On the contrary, periodic elections, especially in a parliamentary system, are a cost-efficient way of holding those in power accountable and maximising any good of which they are capable. To take a local example, it ought to be possible for a Governor Raji Fashola to be returned to office for as long as his electorate retains confidence in him. For the most urgent tasks confronting a state governor or the president in a stone-age country like ours are long-term in nature. Certainly, not tasks to be reasonably completed in four or six-year cycles. Think here of such heavy infrastructural needs as an integrated public transport system involving rail, road and water. Think as well of such other  massive projects as electricity and an industrial blueprint; standard schools for pre-school, primary and tertiary education; urban renewal; canalisation, central sewage collection and treatment; pipe-borne water to every home, whether in the village or on the fortieth floor of a city high-rise; greening and humanising our towns and cities through the proper paving of streets (complete with sidewalks), parks and gardens, to name just a few. How long must any of these take from planning to actualisation? Why should any governor or president dedicated to one or more of these crucial needs not be given enough time to achieve his or her goals subject to approval in periodic elections?

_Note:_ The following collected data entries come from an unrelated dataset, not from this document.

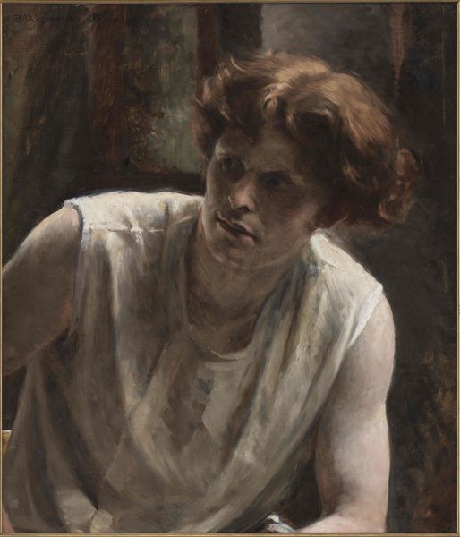 Pellizza da Volpedo created this intriguing portrait on canvas, using traditional oil paint. Volpedo was fascinated by the way light and colour could be meticulously applied through brushstrokes to create texture and depth. Notice the rough application of paint in the background that gives a sense of depth, as opposed to the smooth and soft application of paint to the woman's face. The very act of painting, with its repetitive gestures, reflects the rhythms of labor, not unlike the domestic work and impending motherhood that might occupy the young woman's life. Her steady gaze and the small, framed slate she holds suggests a quiet contemplation, perhaps even the patient accumulation of knowledge and experience. The painting invites us to consider how the value we assign to art is deeply intertwined with our understanding of labor, skill, and the social context in which art is produced. By looking closely at the materiality and making of this work, we appreciate the labor inherent in the artwork.
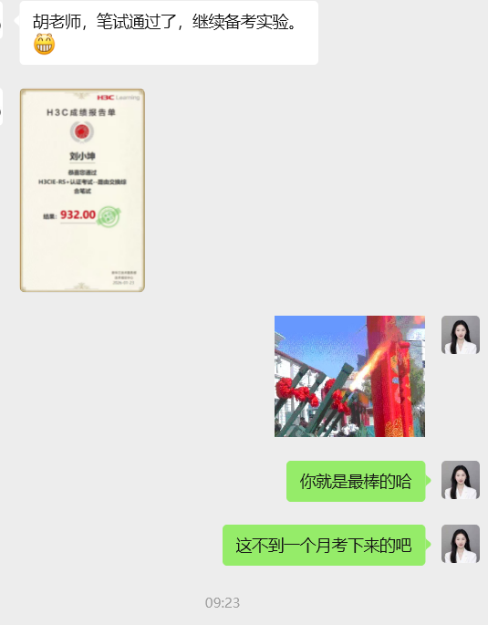 选择润天新华三认证,多一个靠谱理由备受学员认可的H3CIE-RS+面试辅导,用真实上岸案例说话,帮每一位备考者突破难关、顺利通关。 近日,我们收到了吕同学的好消息:作为一名中年...
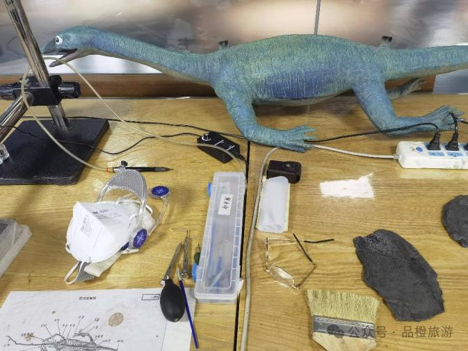 王云忠工作室一角保护和利用并向进行,许多人也由此改变了自己一生的命运。2013年,地质公园组织当地村民进行化石修复技术培训学习,在大块岩石中雕刻出骨架纹理。王云忠和他的妻子王美英自那时起踏入这个陌生而枯燥的领域,自学生物专业书籍,了解国际前沿研究,以农民身份毅然投入科研科普的汪洋大海。十余年过去,王云忠在显微镜下转动气动风刻笔时的神情始终坚定,他的生活中依然没有多余的娱乐,他也依然会梦见自己修复的鱼龙化石复活,浮潜游泳。而他工作室旁的贵州龙化石原位保护馆内,实地采集化石残片、制作化石模型、体验化石修复等沉浸式项目吸引来一批又一批的亲子家庭和研学团,因为一块距今2亿年的化石,他们中的一些人可能就此踏上古生物的道路。

If democracy has become a high-stakes casino game played by Nigeria’s so-called politicians, whose fault is it — the people (democracy) or the politicians (the anti-democrats)? Why does Jonathan not seek other ways of curing the evils of our casino democracy? He could, for instance, start by implementing to the letter the findings and recommendations of the Uwais panel on electoral reforms set up by up by his former boss, the late Yar’Adua.  Or by setting the nation to the task of restructuring a warped and predatory post-colonial entity, which has far better prospects of instilling the requisite sense of governance as nation-building, as service and not an avenue for graft.

The question of how Nigeria has come to symbolise the notion of democracy as prohibitively expensive is not hard to answer. It is a fairly recent phenomenon, the ills of the first republic aside. It is the outcome of a total rejection of the “demo” in democracy, that part which speaks of civic duty and responsibility.  The roots of this rejection lie deep in a dysfunctional political structure inherited wholesale from a colonial past whose goals were conquest, repression and blind exploitation. Under such a system, Jonathan’s single-tenure solution proves diversionary and a disservice to democracy properly called. Since a single tenure can neither imbue vision nor selfless service, nor manufacture democrats, where shall it all end? A one-party system (even cheaper)? A consensus candidate (the primaries bazaar avoided)?  Or, damn it, a benevolent dictatorship (away with costly democracy once and for all)?

By withdrawing faith in the people, a process that inculcates the genuine spirit of democracy, Jonathan’s solution reminds me of another for the then divided Germany famously lampooned by Bertolt Brecht in a poem entitled “The Solution.” I have taken the liberty of rewriting its concluding rhetorical question (and urge the reader to consult the original): “Would it not be easier/For Jonathan/To abolish democracy/And install its opposite/which is cheaper?”

 

· Ifowodo teaches poetry and literature at Texas State University in the United States.